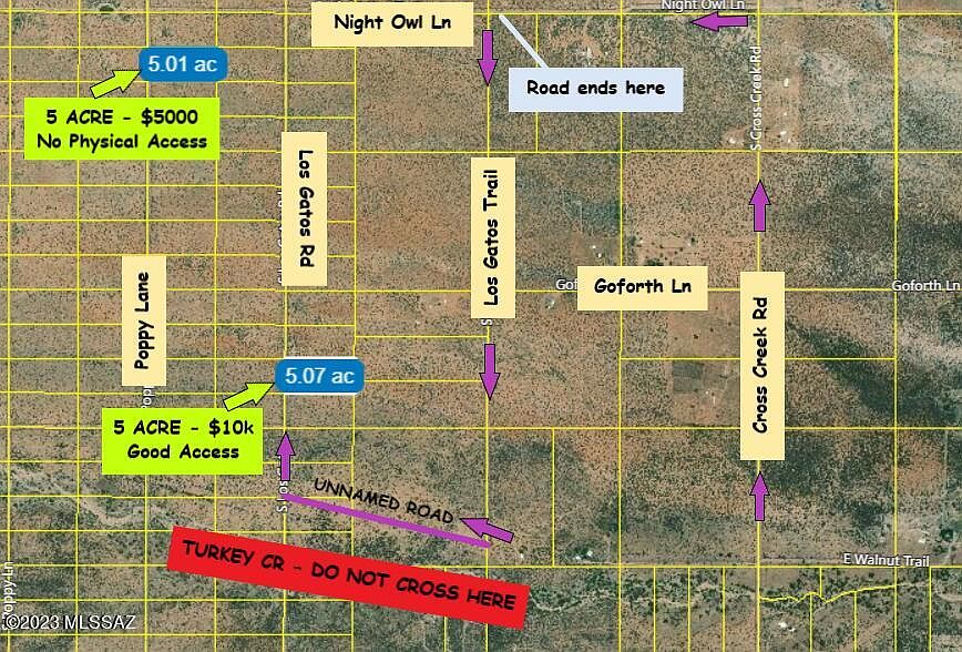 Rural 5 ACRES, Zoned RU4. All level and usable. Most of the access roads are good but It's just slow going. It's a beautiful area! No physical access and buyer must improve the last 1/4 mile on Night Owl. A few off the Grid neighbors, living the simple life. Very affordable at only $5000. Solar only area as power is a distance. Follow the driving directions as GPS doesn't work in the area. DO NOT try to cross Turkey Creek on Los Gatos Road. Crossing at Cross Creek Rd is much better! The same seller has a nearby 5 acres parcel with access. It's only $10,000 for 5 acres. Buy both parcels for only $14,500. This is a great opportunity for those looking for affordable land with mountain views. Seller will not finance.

****************************************

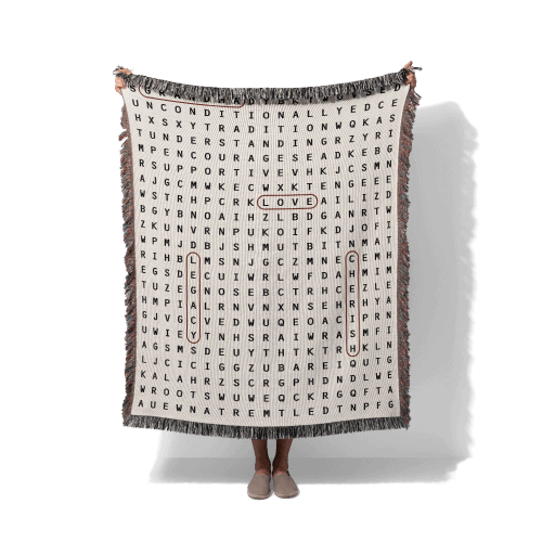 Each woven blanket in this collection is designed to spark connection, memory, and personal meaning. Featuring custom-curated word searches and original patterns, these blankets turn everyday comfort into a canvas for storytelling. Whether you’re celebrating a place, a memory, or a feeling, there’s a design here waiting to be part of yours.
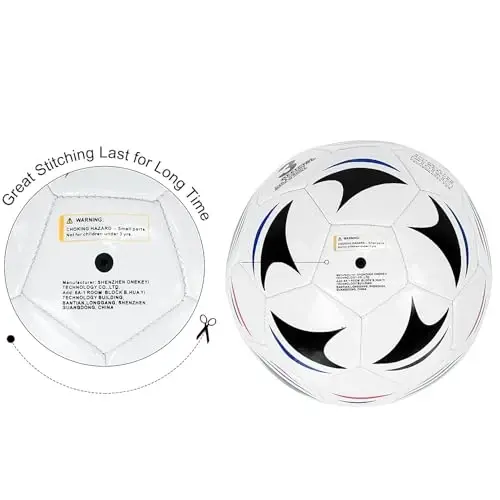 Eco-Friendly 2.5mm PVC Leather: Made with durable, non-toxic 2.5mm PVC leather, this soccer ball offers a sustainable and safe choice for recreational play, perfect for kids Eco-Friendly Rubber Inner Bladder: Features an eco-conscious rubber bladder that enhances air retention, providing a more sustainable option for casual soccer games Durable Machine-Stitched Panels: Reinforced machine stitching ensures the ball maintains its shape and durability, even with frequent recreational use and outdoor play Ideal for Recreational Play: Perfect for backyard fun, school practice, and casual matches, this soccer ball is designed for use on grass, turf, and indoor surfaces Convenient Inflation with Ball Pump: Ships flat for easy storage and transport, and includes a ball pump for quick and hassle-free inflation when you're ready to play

****************************************

TASK ITEM. From the data above, return exactly the lines from the one with "Each woven blanket" up to and including the one with "Eco-Friendly 2.5mm PVC". Pictures do not go in the copy.

RESPONSE BELOW.
 Each woven blanket in this collection is designed to spark connection, memory, and personal meaning. Featuring custom-curated word searches and original patterns, these blankets turn everyday comfort into a canvas for storytelling. Whether you’re celebrating a place, a memory, or a feeling, there’s a design here waiting to be part of yours.
 Eco-Friendly 2.5mm PVC Leather: Made with durable, non-toxic 2.5mm PVC leather, this soccer ball offers a sustainable and safe choice for recreational play, perfect for kids Eco-Friendly Rubber Inner Bladder: Features an eco-conscious rubber bladder that enhances air retention, providing a more sustainable option for casual soccer games Durable Machine-Stitched Panels: Reinforced machine stitching ensures the ball maintains its shape and durability, even with frequent recreational use and outdoor play Ideal for Recreational Play: Perfect for backyard fun, school practice, and casual matches, this soccer ball is designed for use on grass, turf, and indoor surfaces Convenient Inflation with Ball Pump: Ships flat for easy storage and transport, and includes a ball pump for quick and hassle-free inflation when you're ready to play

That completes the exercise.